# Update to my Visa Application Need Help



## Mark1987 (Aug 1, 2012)

Hi thanks to everyone who help me to gather all the evidence that i need to my application but this time i need help again to anyone who willing to help me this time. the embassy sent a message and they want additional Documents and i need to send it within 28 days. here is the message from the embassy



> I refer to your application for a Partner (Migration) visa which was made
> on 04 January 2013.
> 
> An initial assessment of your application was made and I noted that there
> ...


can anyone help me what is missing to my application that i need to give them or missing document and help me what is the other way to get that evidence... here is the Document that i submitted before to my application

Documents
Our Requirements

My Requirement 
* 47sp 
* passport picture 4x
* Birth Certificate
* Police Clearance 
* Form 80
* Passport 
* Bank Statement and Paypal Transaction ( transaction when im in australia)
* letter from me about our Relationship
* CENOMAR ( Singleness)

My Partner Requirements
* 40sp
* 2x of passport pic
* Birth Certificate ( orig Copy)
* Police Clearance( orig Copy)
* Divorce Paper ( Orig Copy)
* Passport Copy ( signed by JP)
* Letter for his work indicate how long he work there and his salary.( orig Copy)
* letter from him about our relationship
* Paper Indicate that he own his house.

Supporting Docs

* Letter indicate the reason why we dont have Joint account and shared bills

* Western Union Transfer Receipts

* Stat Dec from his Sister/Niece 2pcs ( signed by JP)

* 20 pcs of Picture of me and my partner , his kids,family picture and friends

* Screen Shot of Messages and call Conversation on my phone since i go back last November 2012 till December 29, 2012 then i put all together in Microsoft Words.

* Conversation from FB and Msn and i always took a picture every time we chat with my partner and kids

* Love Letter Card from my partner every time we celebrate Anniversary.

*Plane Ticket ( and in my old ticket Indicate my name and also address in Australia which is same address with my partner.

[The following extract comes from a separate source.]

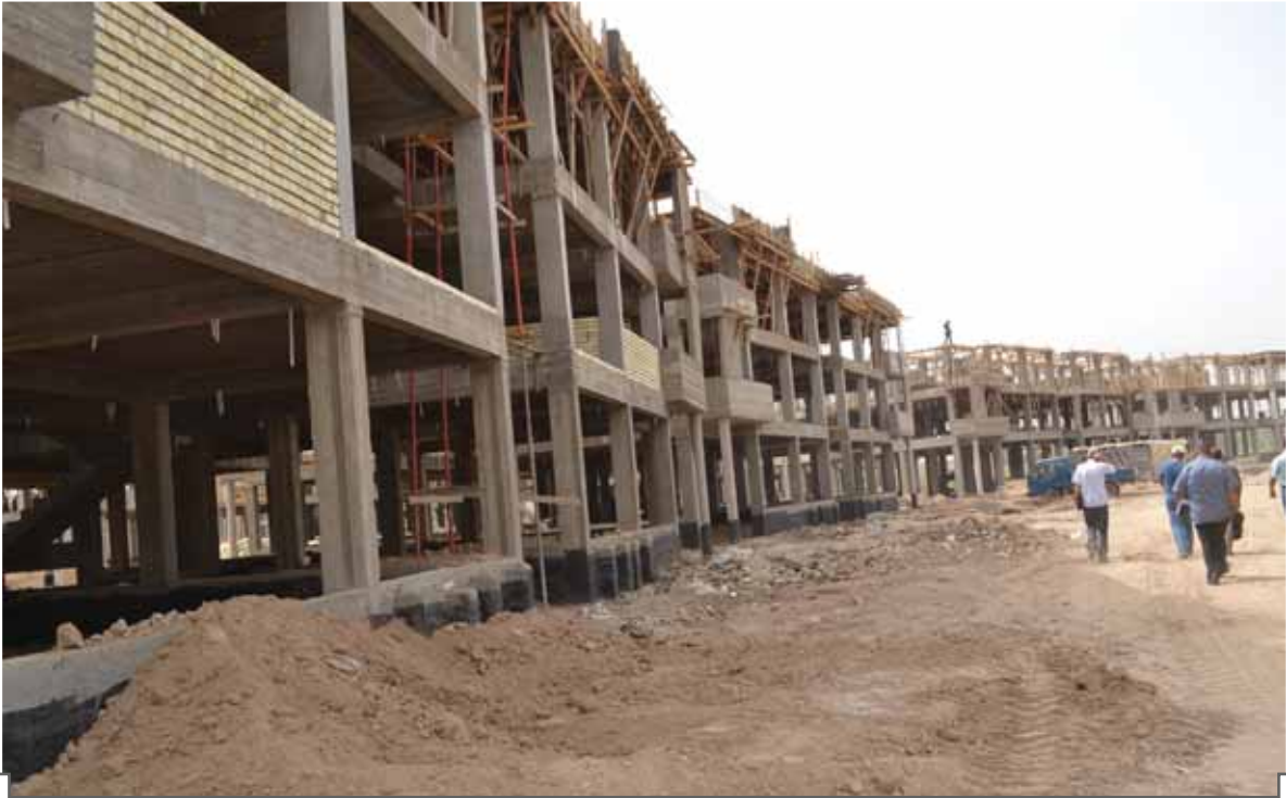
الشكل (١١): صورة عن تقدم اعمال البناء في المجمع واطيء الكلفة في بابل

غير مقبول اذا تقاربت نسب الانجاز مع نسبة الانحراف ويبين الجدول ان سنة وخمسة اشهر من العمل في المشروع وهي نصف المدة المحددة للإنجاز حسب تقرير الإدارة التنفيذية لم تصل فيها نسبة الانجاز الفعلي الى الربع في حين تم صرف ١٦٪ فقط من المبلغ المرصود لعام ٢٠١٢ وهو ١٢ مليار و ٦٠٠ مليون دينار اي مايعادل ٢ مليار و ١٦ مليون دينار فقط وهذا يبين مدى تأخير اقرار الموازنة العامة للدولة حيث مازال المشروع ينفذ بما تم تدويره من تخصيص عام ٢٠١٢ (ملحق-٣) الذي لم يصرف بأنتظار اقرار الموازنة، وقد ذكرنا في التقرير الاول ان التأخر في الحصول على الاستحقاق (سواء كان اموال او سكن او غيرها) هو نوع من انواع الفساد. وقد لاحظ المهندس الإستشاري في فريق التحالف وكما يبين الشكل (١١) ان اعمال البناء يتم تأخيرها حتى ينتهي صب البناية بشكل كامل مع ان الاستغلال الامثل للزمن والايفاء بالتزامات العقد تتطلب عدم الانتظار وبالعكس يجب ان تسير اعمال الصب في عمارة وتتنجز البناء بالطابوق في الاخرى ليسير العمل سريعا ومتزامنا.

the only i can submit other documents is the Western Union from Jan 2013 to Present and other message and call conversation from my Phone... from Jan 2013 to present my partner always call me everyday so the only i can do is screen shot all conversation to my phone and FB and skype and other pictures that i took every time we talk on cam with his kids

Maybe ill sent a new letter to my case officer what is the reason why we dont have joint account and share expenses.. this is my situation why we can provide that  My part work in Primo as Production Manager so he can get all the benefits like Free Fuel, Phone Credits,. so we dont have any problem about that. and my Partner own his house and all the bills are under his name like gas, electricity bills and we have friend who rents his room so we have additional income. so that is the reason why we dont have share expenses.. and that time i got multiple visa for 1 yr and we cant open joint account because of my visa status and even i can get that joint account its useless if i cant able to work right! . so if they will grant my visa that is the only chance we can open joint account because his plan i will work with him so we can save money for the future and my partner kids are excited me to live there... hoping anyone will help me to to provide other doc... what is the missing docs do we need to provide...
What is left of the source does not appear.